…so I can stop saying I.

25 August 2011 § Leave a comment

This summer, whose decline has followed me south (I will continue to elude the autumn!), I’ve learned a lot. And when I say “a lot,” I mean I’ve grown and learned more about myself than possibly any single and consecutive four-month period in the last 25 years.

Just to be clear: I’m still six-three-and-and-half-or-so, and probably around the same weight as when I stop weighing myself every day in May (181.5 pounds, 13 stone, 82 kilos, etc.).

Right, so now that’s out of the way.

There’s a bit of ant problem in this place, a perfect little cottage on Whidbey Island near Seattle, with a perfect garden with lots of flowers, a deck on top of a bluff about the height of the one in Kenai. I can see the whole Olympic Range from that deck, and the main sea-shipping route for the Port of Seattle. I’ve seen some big fucking boats in the past week or so. Behind the house sits Mount Baker, some ways back over Puget Sound. Deception Pass, so called because some idiot probably thought Anacortes and Whidbey were in fact one island until he came up to the cliff that divides them, isn’t too far to the north. The very boring-yet-very-often-photographed engineering feat that bridges them is now a very popular place for jumpers to meet their god. They usually just become fish food.

Like I was saying, this place is perfect. Too perfect. It’s where people who heal other people with crystals and fingersnaps come to live in solitude because the energy feels good. There’s a three-foot-tall Hindu god sitting outside the front door. Every time I take off my shoes in front of him (which, for all you non-northerners, is the polite thing to do when you walk into someone’s house), I wonder who hired him, and where I can hang my socks. I don’t dare ask him, though. The economy is tough, I understand that, but I don’t want to offend his dignity. Anyway, this is a peaceful place. I was even offered a landscaping job for a few days. Fishing calluses faded from my hands, in an hour I had four blisters. Damn it.

The ants just keep coming, no matter how many I smush with my thumb. Some species just never learn.

I’m getting off-subject. People. that’s right. They’re important. And how we interact is important. I’m reasonably confident that’s where emotion started, people interacting with other people. When it was just people and dinosaurs, there were no negotiations – one killed the other, and humans usually lost. I’m okay with that, too. But have you ever heard of the Christmas Day truce in 1914? One of the bloodiest wars the world has ever seen, and a few German and British troops had the cajones to jump out of the trenches near Ypres, Belgium on Christmas and trade cigarettes, play a bit of football, and do some caroling, where on any other day, they had strict orders to shoot, shoot, shoot. They even gave each other the chance to recover the corpses of their buddies.

So you see, how we interact with one another is important. And I’m realizing that those moments in which I thought my cynical and tactless (albeit true) comments – opinions – made to a boss or an ex-girlfriend (god forbid they be one and the same), would be ignored, dismissed, or on a good day, acknowledged silently, were moments of gross misunderstanding on my part – me, who is always right and logical…and on my less-than-good days. socially inept.

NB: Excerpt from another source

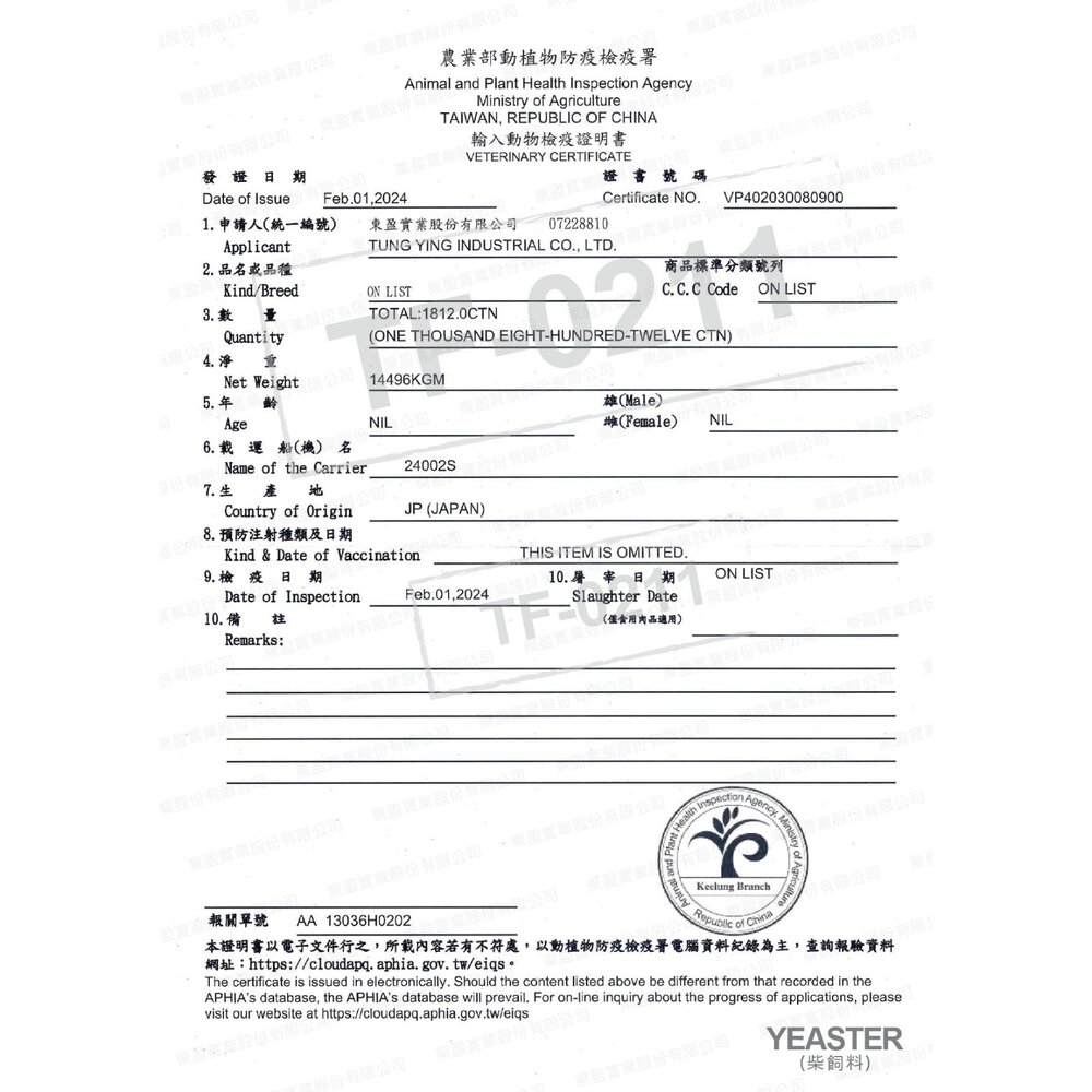營養分析質:蛋白質24.0%↑,脂質9.0%↑,粗纖維4.5%↓,灰份9.0%↓,水份10%↓,鈣1.2%↑,磷1.0%↑,鈉0.3%↑,亞麻油酸1.8%↑,維生素A 10,000IU/kg↑,維生素E 100IU/kg↑,維生素B1 4.0mg/kg↑,維生素B2 6.5mg/kg↑,代謝能335kcal/↑100g

(Let me indulge that habit for a moment, as an example: if an apology is an affirmation made to assure you that I’ll never do it again, this is no apology. I am sorry for those moments, but how else could I have gotten here? Yes, it was at your expense, and I bang my head into a brick wall daily for every time I fucked up (and if I can’t find brick, trust me, I find some way to feel bad about it), so I’m sorry for the pang I may have caused in your heart, aaaannd it’s probably why we don’t talk anymore.)

See what I mean?

My point: I don’t want to be a parenthesis. Usually, I make sure that when I go to sleep at night, I’ve wrapped that curvaceous figure around me like satin sheets and cellophane. I remember looking at the cabin door thinking I shouldn’t be here –  I’d rather be a temporary exclamation point, an inspiration found in an Alaskan Poet’s Cafe, near an elevator in New York City, outside an airport way out in the bush. Those are my comfort zones, and don’t you dare push me out of it. That’s my job for you. I’m not supposed to last longer than it takes for your heart to beat faster. That’s my exit sign. Usually.

A bottle of cool-label–yet-cheap-tasting cabernet sauvignon and a few popped blisters later: sunset seas, mountainsky breakup jazz beams in through slug-smudged windows. my head’s in the clouds, and I’m never comin’ down. pop goes the snare, goes the e-lec-tronic synth, fake that piano ‘verb like the smoothest choircompanion around. ain’t no sunshine when she’s gone, but it’s streaming through the windows something ferocious. I’m repulsed, and the liquidlove slithers like red cancer to my heart. I’m finally finding me, and this is just the start.